> DIRECTIONS FOR THIS TASK
Can the lines below, from the one that holds "Bausatz Im unpraktischen" to the very end, be echoed exactly, with both ends included and no pictures?
[Opening DATA BELOW section]
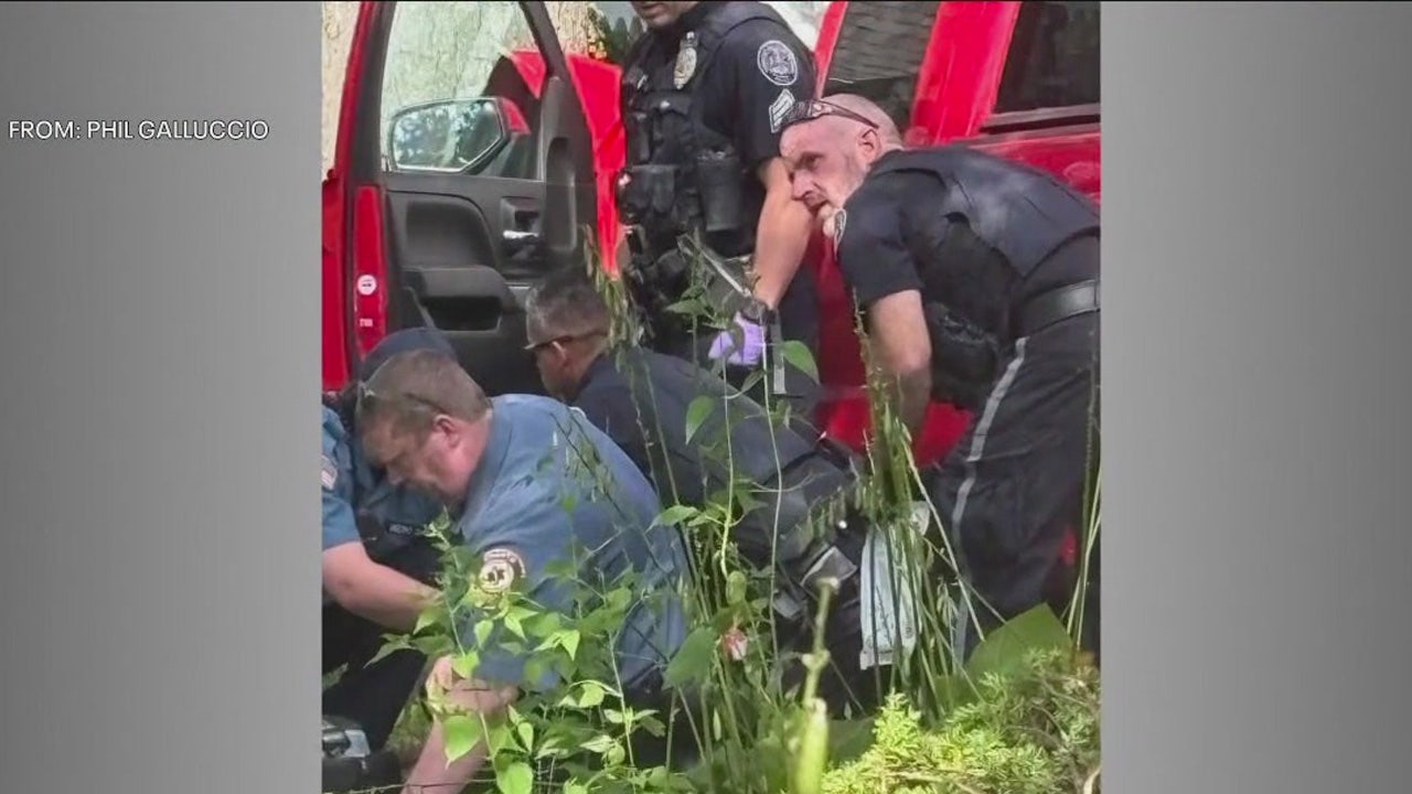 LOWER MERION TWP., Pa. - Phil Galluccio took pictures of first responders helping the driver of a pick-up truck involved in a three-vehicle crash along Montgomery Avenue, just past Woodside Road, Monday morning in Lower Merion Township.
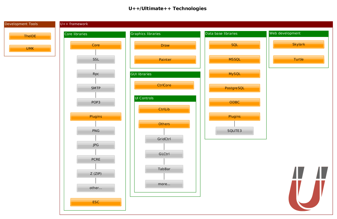 Below diagram presents the most important technologies that belongs to the U++ framework.
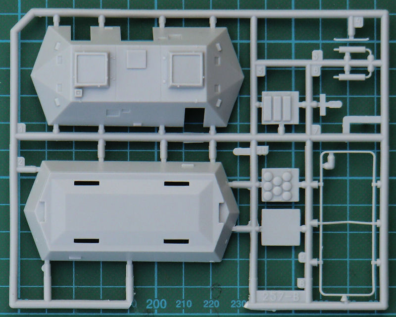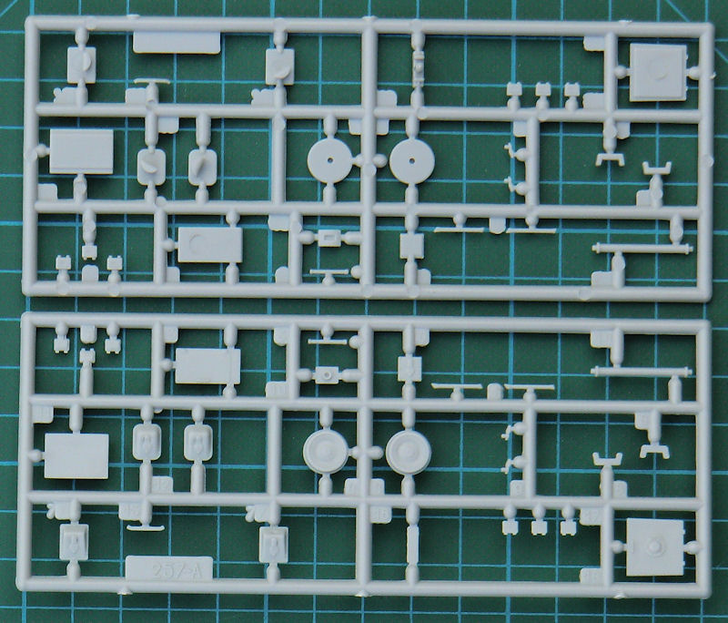 Bausatz Im unpraktischen aber attraktiven Schüttkarton von UM befinden sich gut verpackt vier hellgraue Spritzlinge mit insgesamt 51 Bauteilen, die übersichtliche Bauanleitung und ein kleiner Decalbogen.
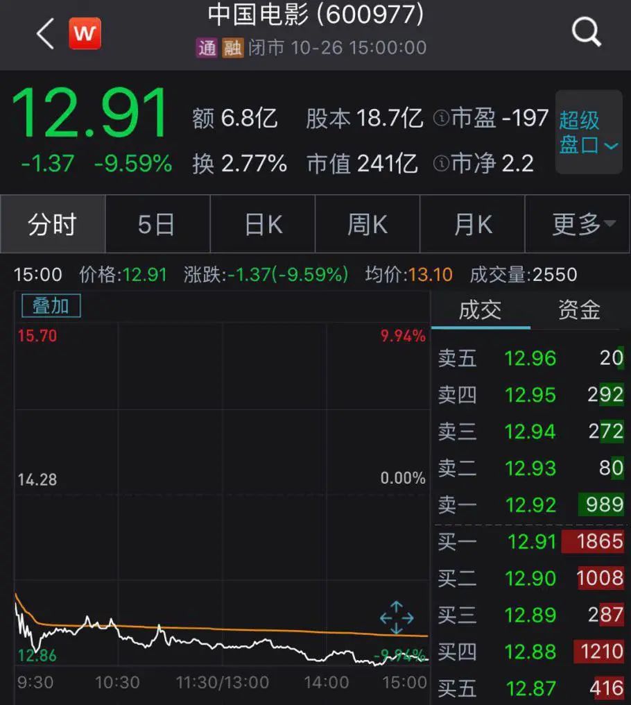 然而,这样不俗的成绩却并不令资本市场满意。今日早盘,金刚川主要出品方中国电影和华谊兄弟双双开盘大跌。截至今日收盘,华谊兄弟(300027.SZ)跌7.90%,中国电影(600977.SH)跌9.59%。
[Closing DATA BELOW section]
> ANSWER BOX
 Bausatz Im unpraktischen aber attraktiven Schüttkarton von UM befinden sich gut verpackt vier hellgraue Spritzlinge mit insgesamt 51 Bauteilen, die übersichtliche Bauanleitung und ein kleiner Decalbogen.
 然而,这样不俗的成绩却并不令资本市场满意。今日早盘,金刚川主要出品方中国电影和华谊兄弟双双开盘大跌。截至今日收盘,华谊兄弟(300027.SZ)跌7.90%,中国电影(600977.SH)跌9.59%。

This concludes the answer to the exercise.